Ф.В. — Тут уж разберитесь вы, историки. Когда мы шли на Холмщину, то заквартировали возле Золочева, в селе Подгорье. А они приехали в село на фурах, вместе с немцами — что они должны были там делать, не знаю. И на нас напали. Обстреляли то место, где мы стояли, одного парня нашего поймали. Немец посадил его на фуру и сказал одному дивизионнику: «Держи его при себе, будем везти в район». А сами пошли по селу грабить — дивизионники вместе с немцами. Наш парень стал говорить с этим дивизионником, познакомились. Дивизионник говорит ему: «Мы будем ехать возле леса, а ты беги! Я буду стрелять, а ты не падай, ничего, только беги!» Так и сделали, парень сбежал. Не знаю, что немец тому дивизионнику сделал — или по морде дал, или какой-то рапорт на него написал, но наш парень остался жив. Дивизионники не были против нас, но они же под командованием немцев были. Я считаю, что эта дивизия была не нужна. Ее создали в 1943 году, когда большевики были под Киевом. Кубийович тогда выступал, говорил, что надо воевать. А за что воевать? За то, что немцы грабили Украину, вывозили наших людей? Бандера говорил ни в какую дивизию не идти. УПА уже воевала с немцами, Волынь вся горела — можно было бежать. И те дивизионники, которые в 1944 году прорвались из-под Бродов на Волынь, все остались живы и пошли в УПА.

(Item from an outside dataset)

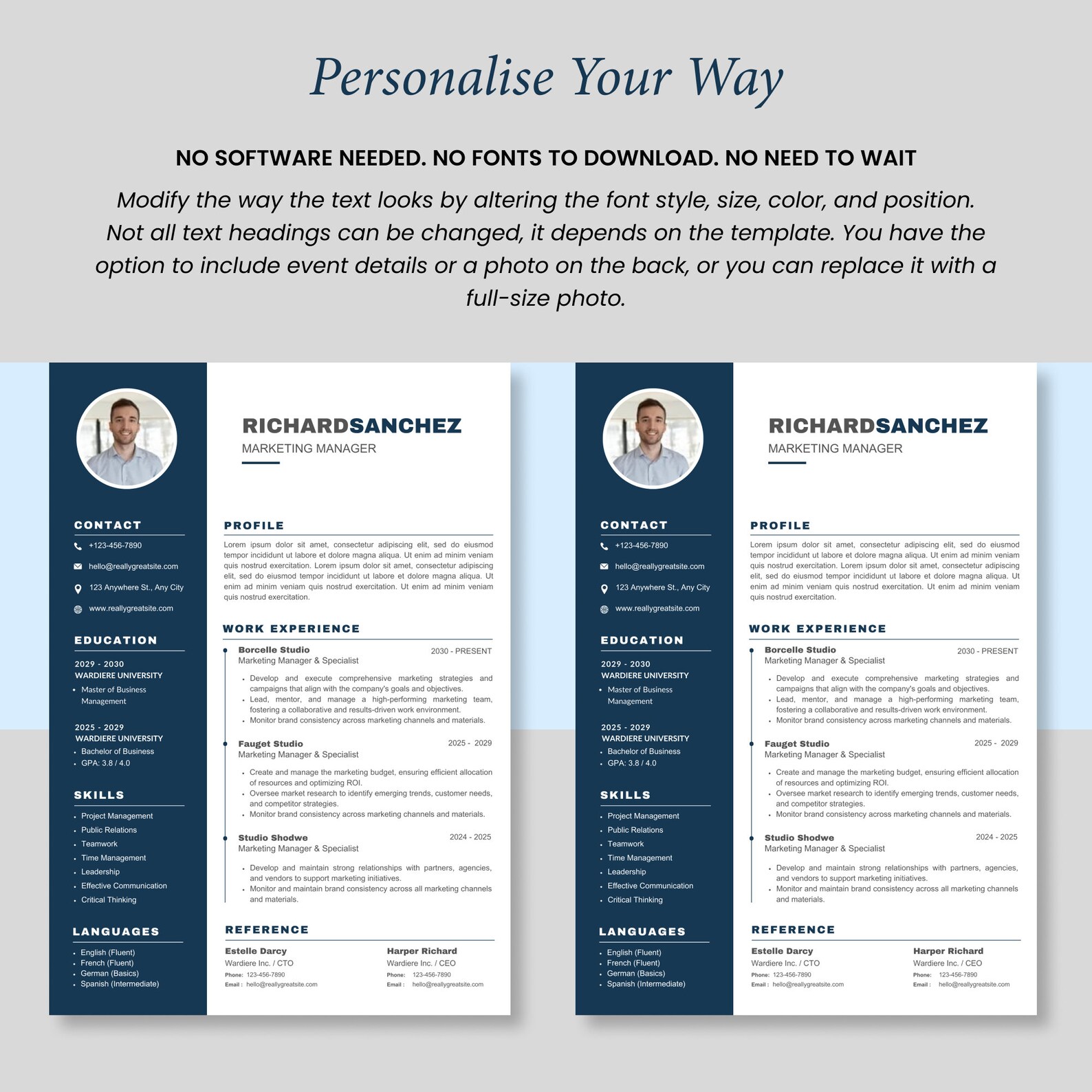 - Customizable text, colors, fonts, and graphics to align with your personal brand.
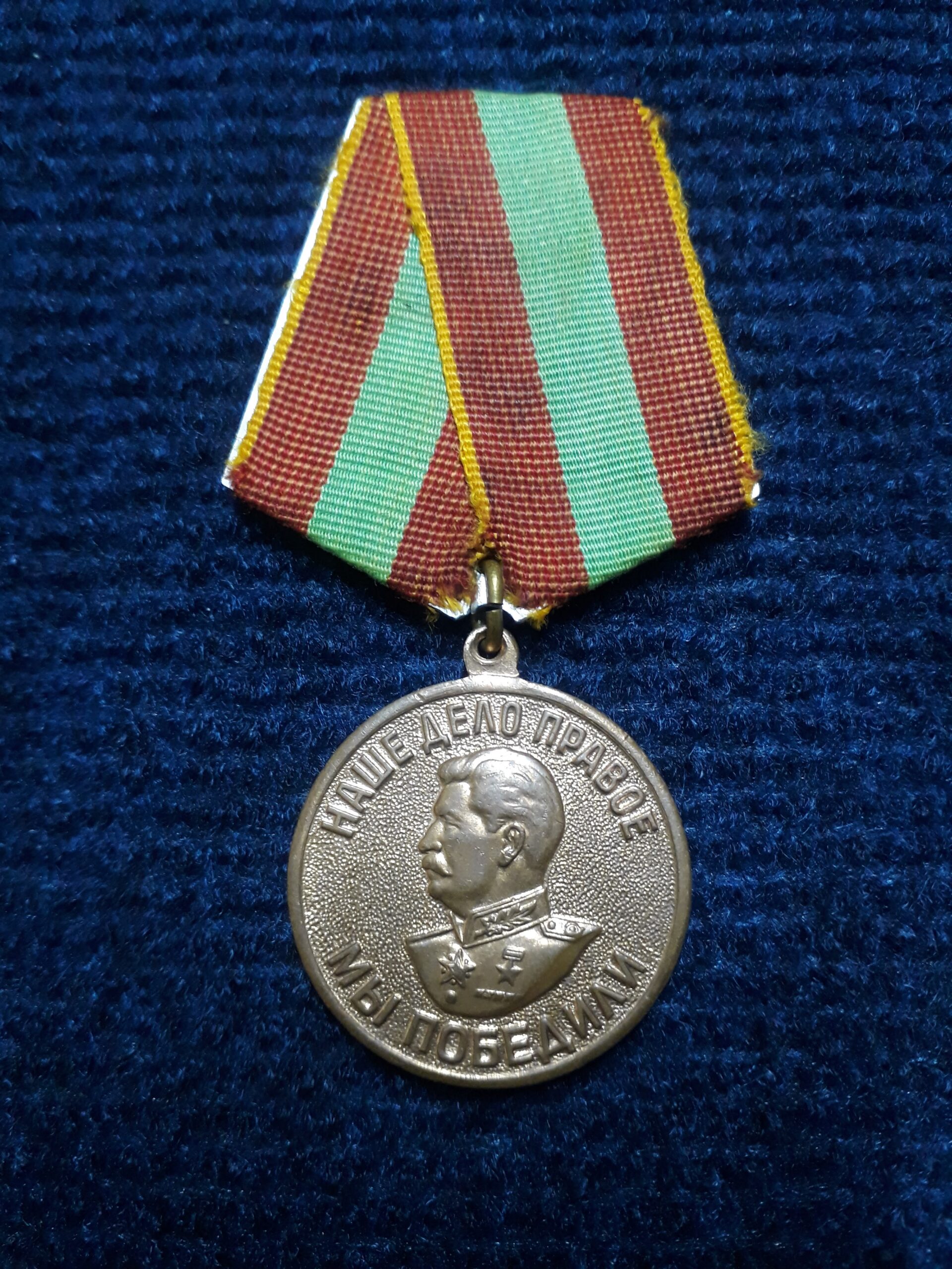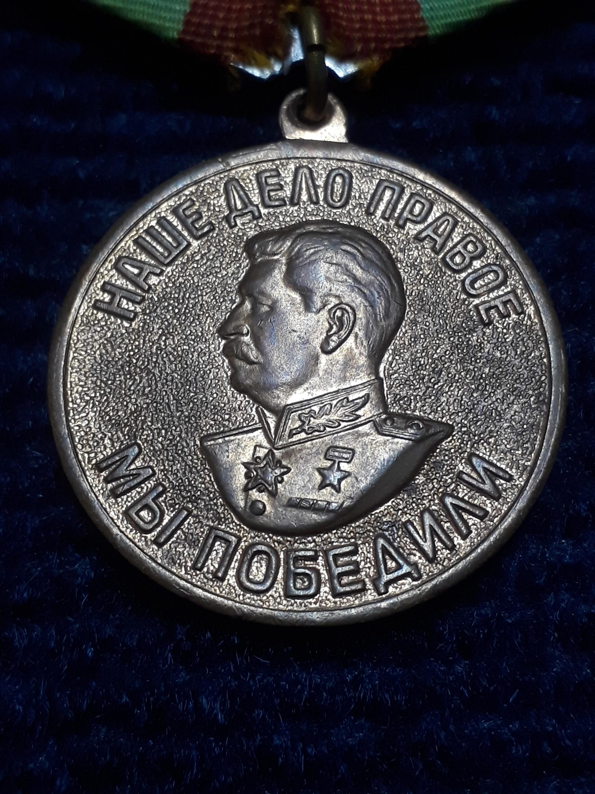No anverso apresenta o busto de Stalin acompanhado da inscrição “Nossa causa é justa – Nós vencemos”. No reverso, a inscrição em russo referente ao trabalho valente na guerra de 1941–1945, juntamente com o símbolo da foice e martelo.

А.И. — Чем Вы были вооружены?
Ф.В. — У меня была сначала советская трехлинейка, потом немецкий карабин — наши где-то разбили немцев, отбили у них много оружия. Он был черный, покрытый лаком, не ржавел. И ручка затвора в немецких карабинах не просто так торчала, что можно за что-нибудь зацепить и разрядиться, а загибалась вниз. А еще очень хороший патрон немецкий. Советский патрон вынимается из замка за такой выступ, а на немецких патронах есть заточка, патрон глубоко заходит в замок, и легче его вынуть.
Потом я себе взял автомат ППШ, с круглым диском. У нас были немецкие автоматы «эм-пи», но к ним нужны были патроны. К нам шли советы — зачем нам было немецкое оружие, нужно было переходить на все советское. Еще у меня был «наган», он мне нравился. Далеко я из него не стрелял, «наган» хороший, если надо стрелять близко, очень близко — Вы поняли, о чем я говорю.

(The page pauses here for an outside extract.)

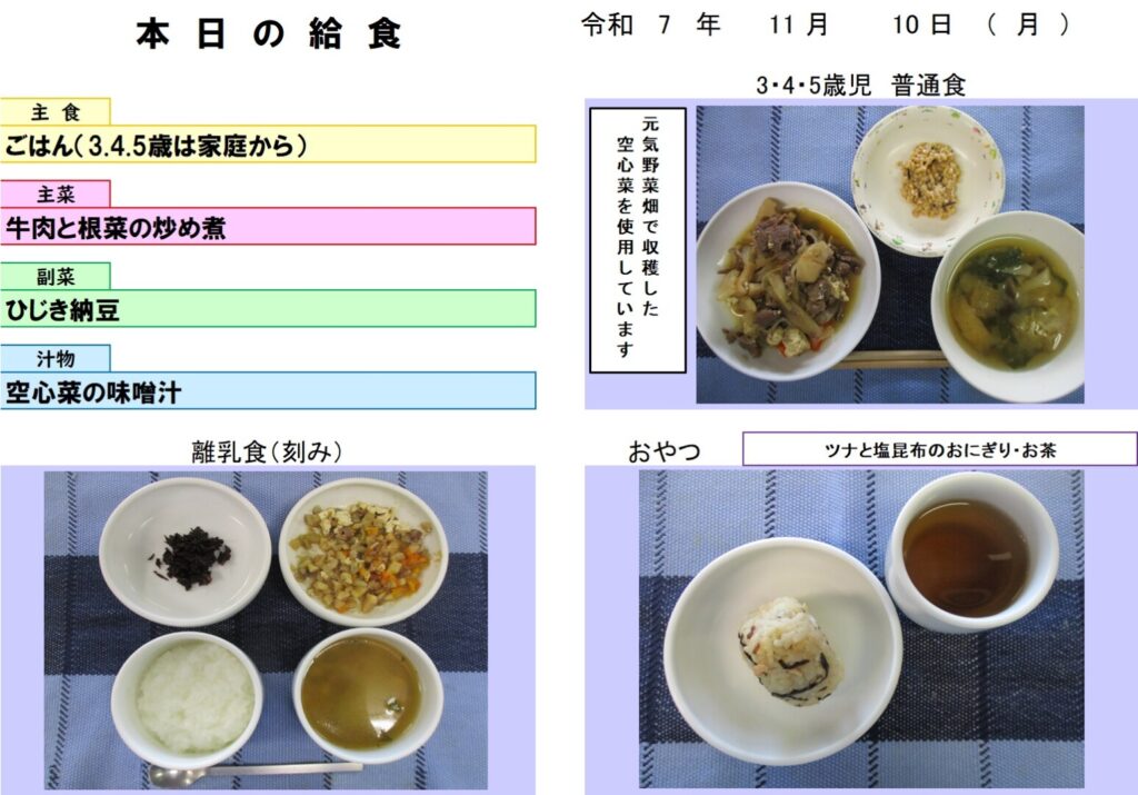 今日の給食(R7.11.10) - 玉名市岱明町 大野保育園

А.И. — Что Вы чувствовали в боевой обстановке?
Ф.В. — До первого ранения я не боялся, когда где-то стреляют. А после ранения, если где-то пулемет застрочит, то инстинкт тебя гнет вниз. Ты не хочешь, а тебя гнет!
Я никогда не думал, что должно убить меня: «Чего это меня должно убить? Меня не убьют». Но ведь первый раз ранили, второй раз ранили… А потом, когда я попал в руки большевикам, то понял — что угодно может быть.
Сейчас я старый человек. И знаете, Алексей — я не хожу на исповедь. Много езжу — освящения, могилы, раскопки, всю область объехал, знаю всех священников, владык, но не иду к ним руку целовать. Я только одному человеку исповедовался. Был тут у нас отец Роман Кияк — старый священник, националист. Ему я все рассказал, он сказал мне так: «Бог тебе все простит!» А молодым священникам я не исповедуюсь — потому что они, может быть, больше грешные, чем я. Но я верю в Бога — в ту силу, которая меня держала и помогла все пережить.